Graphics card upgrade
- To: mathgroup at smc.vnet.net
- Subject: [mg78079] Graphics card upgrade
- From: "Steve Luttrell" <steve at _removemefirst_luttrell.org.uk>
- Date: Fri, 22 Jun 2007 06:44:59 -0400 (EDT)
I just want to share with people a pleasant experience that I have had with the greatly improved response of interactive 3D graphics in Mathematica 6 having upgraded my graphics card. Old card: ATI Radeon 9600. Fill rate 1300 MTextels/s. This card is very nice for general purpose use, but it struggles to keep up with large interactive 3D graphics. New card: nVidia 7600GS. Fill rate 4800 MTextels/s. This choice of card was constrained by the limited 300W power supply in my computer; more MTextels/s needs more clock speed and hardware parallelism which needs more watts. I wasn't disappointed. Interactive 3D manipulation of large graphic objects (e.g. a 3D plot of a cloud of 12,000 points) had a fast update rate, i.e. motion was now smooth with the new card, rather than jerky as it was with the old card.
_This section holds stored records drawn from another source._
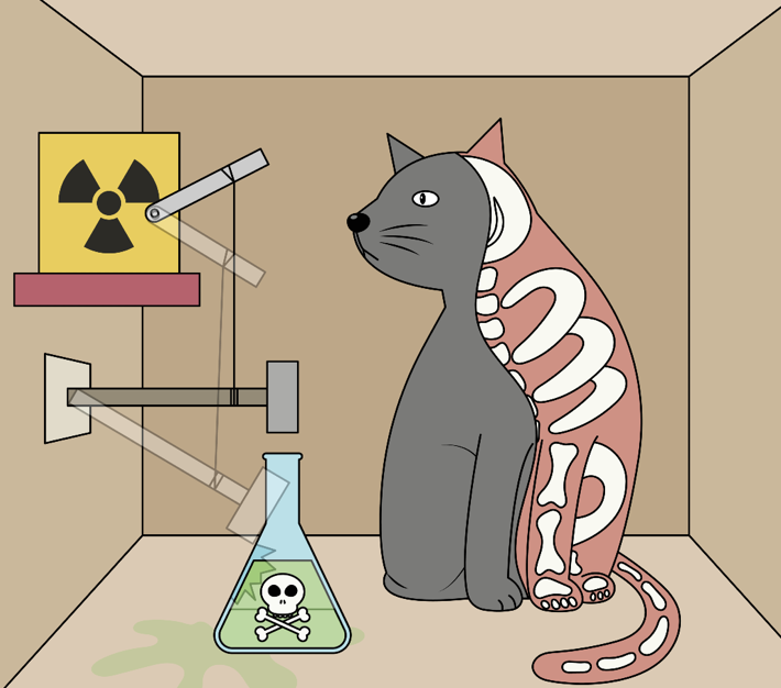 This indeterminism drove Schrö-Schrö and Einstein insane for a couple of reasons. Schrö-Schrö expressed his frustration with the theory by creating a thought experiment in his letter where a cat was in a box with a flask of poison and a radioactive source.
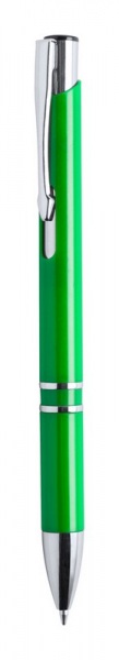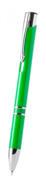Plastové pero s lesklým klipom a špičkou, s modrou náplňou.
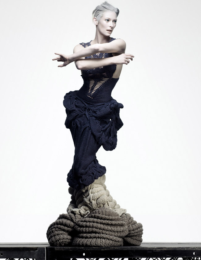 Tilda Swinton es la imagen del cartel de la última exposición del Museo de la Moda de Amberes, MoMu: Unravel: Knitwear in Fashion. Un manifiesto de la relevancia del punto en la historia de la moda a través de piezas de vanguardia. Desde Schiapparelli o Chanel, a Maison Martin Margiela o Sandra Backlunde, pasando por Vivienne Westwood o Sonia Rykiel y, por supuesto, Benetton. Desde hace más de 40 años, la firma italiana ha sido el máximo exponente del jersey democrático, en todos los colores. Una historia contada a través de una vídeo instalación con las piezas creadas para el desfile del 40 aniversario de Benetton en el Centro Pompidou de París. El propio catálogo de la exposición, editado por el MoMu, incluye imágenes del Archivo Histórico de Benetton en Castrette (Treviso, Italia). El cual, con más de 12.000 míticas prendas de punto, es en sí mismo un museo. Hasta el 16 de agosto de 2011 en el MoMU.
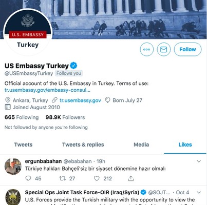 The official Twitter account of the embassy liked a message by Ergün Babahan, one of the senior figures of the Gülenist Terror Group (FETÖ) who fled Turkey following the July 15 coup attempt.
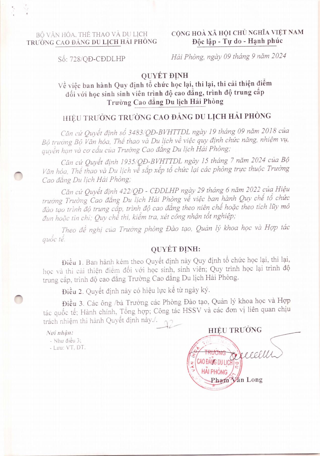 Quy định về việc tổ chức thi lại, học lại, thi cải thiện điểm đối với HSSV trình độ Cao đẳng, Trung cấp
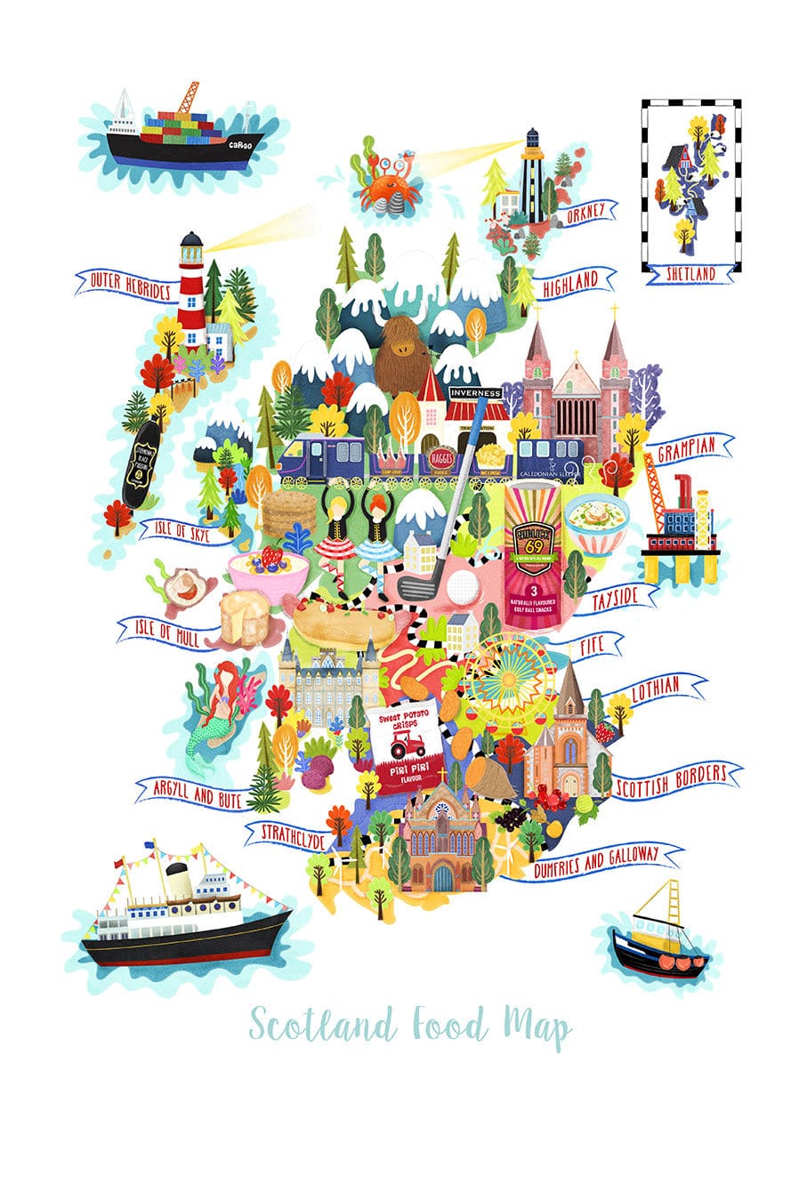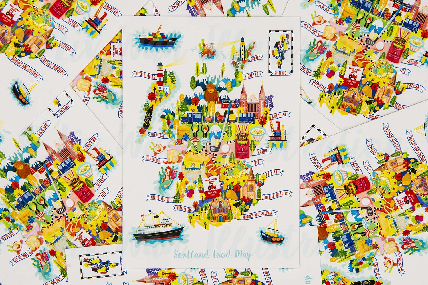 Scotland has been my home for the last decade so I decided to create this Scotland food map postcard illustration to celebrate my happy life in Scotland and it’s delicious food and drink.
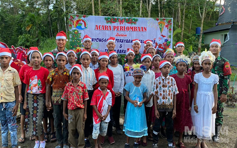 MajalahPerwira, Kabupaten Keerom – Menyambut Hari Raya Natal dengan penuh kebahagian, Satuan Tugas Pengaman Perbatasan RI-PNG Sektor Utara, Yonif 122/TS, Pos Wembi Jajaran Kipur D mengadakan lomba Vocal Group dan Menyanyikan lagu Natal, tepatnya di Kampung Wembi, Distrik Mannem, Kabupaten Keerom, Papua. (22/12/2023)
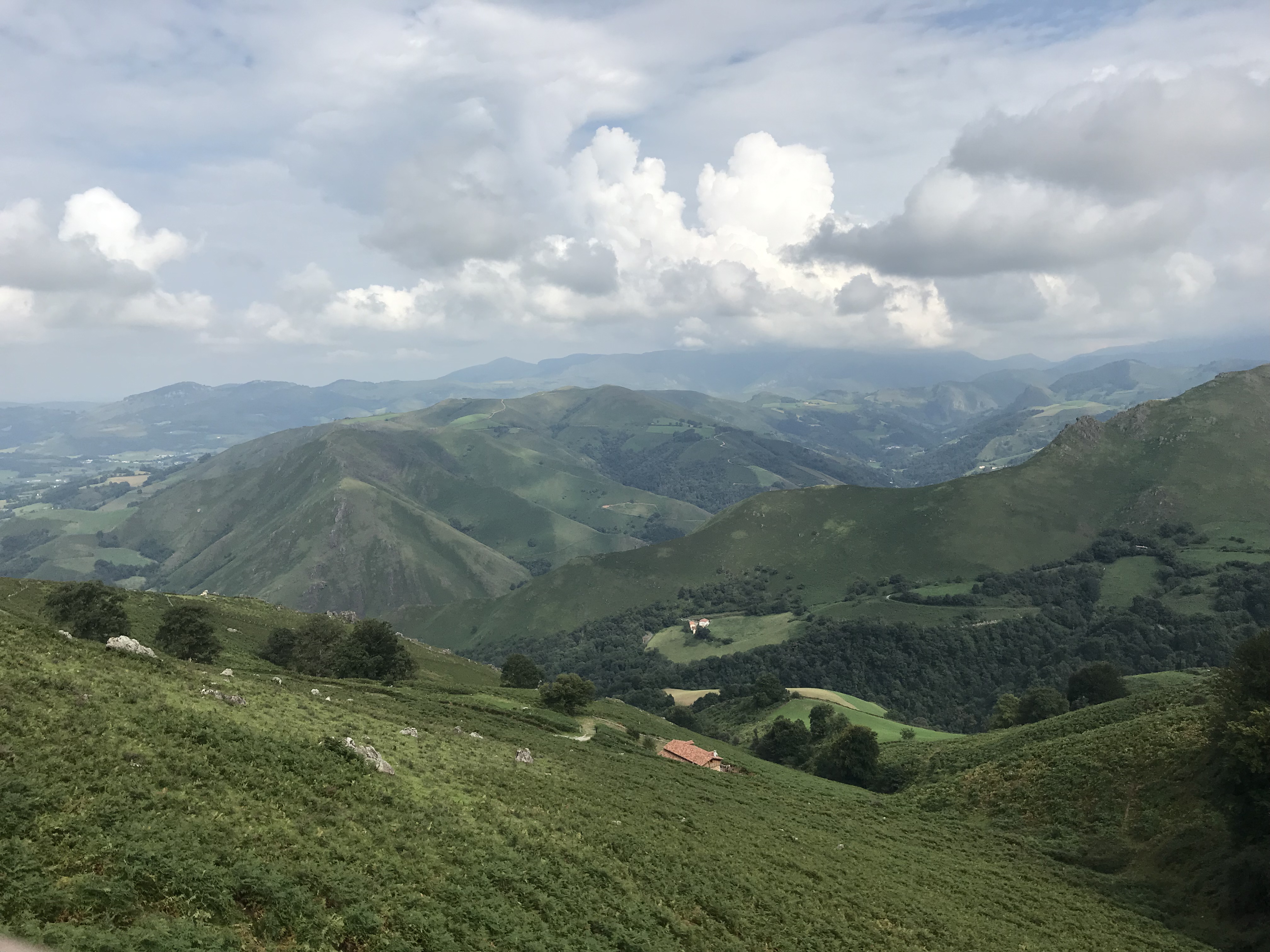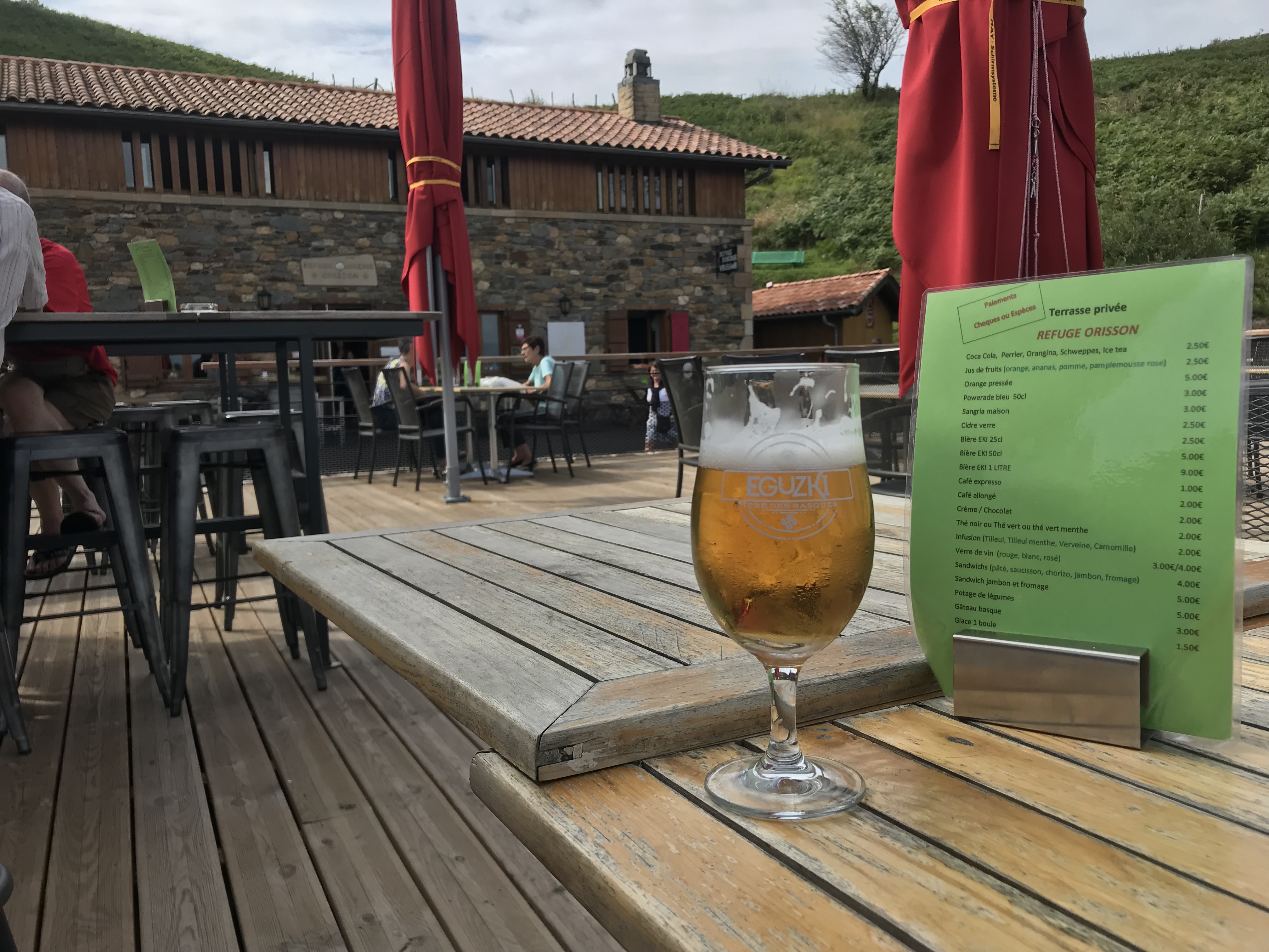 The path to Orisson became a steep climb up a rocky path, but eventually rejoined the road. When Refuge Orisson came into view it was a welcome sight. I checked in, having booked online two months earlier. After a shower and a change of clothes I was ready to enjoy a cold drink on the balcony overlooking the valley.
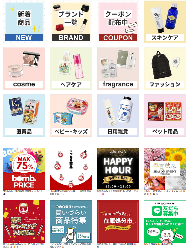 コスメ・スキンケア・化粧品・スキンケア・香水・美容家電・サプリメント・食品・医薬品・日用品・ファッション・キッズ・ベビー・おもちゃ・ペット用品・家具・自転車
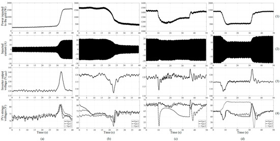 Figure 10 shows the behavior of the system under different situations of irradiation and PS. In the scenario presented in Figure 10a, graphic 1 represents the power transferred to the electrical grid. According to the voltage curves of the photovoltaic arrays, shown in graphic 4, the increase in irradiance raises the voltage in the PV sets. As a matter of consequence, there is an increase in the output voltage of the inverter (graphic 3), which determines the essential need for increasing power transfer. Therefore, the output voltage stabilizes as the new MPPT is reached. Both in graphic 1, referring to the power transferred to the power grid, and in graphic 2, referring to the current injected into the power grid, it is evident that the system stabilizes at a new point of operation after the increase in irradiance.

I don't know to what extent this improved performance generalises across other types of graphics. I have tried 3D graphics with large numbers (i.e. many thousands) of points, lines, spheres, etc, and in all cases there was a large improvement so that a fast update rate resulted. I guess that most of the interactive graphics computations occur on the graphics card itself for this simple type of 3D graphic, so you see the full effect of the relative performance of the-new-versus-the-old graphics card. It seems that a modest investment in a good graphics card is well worthwhile if you plan to do interactive graphics with Mathematica 6. Presumably, a top-of-the range graphics card (currently approx 20,000 MTextels/s fill rate) would give a proportionately faster response. Steve Luttrell West Malvern, UK.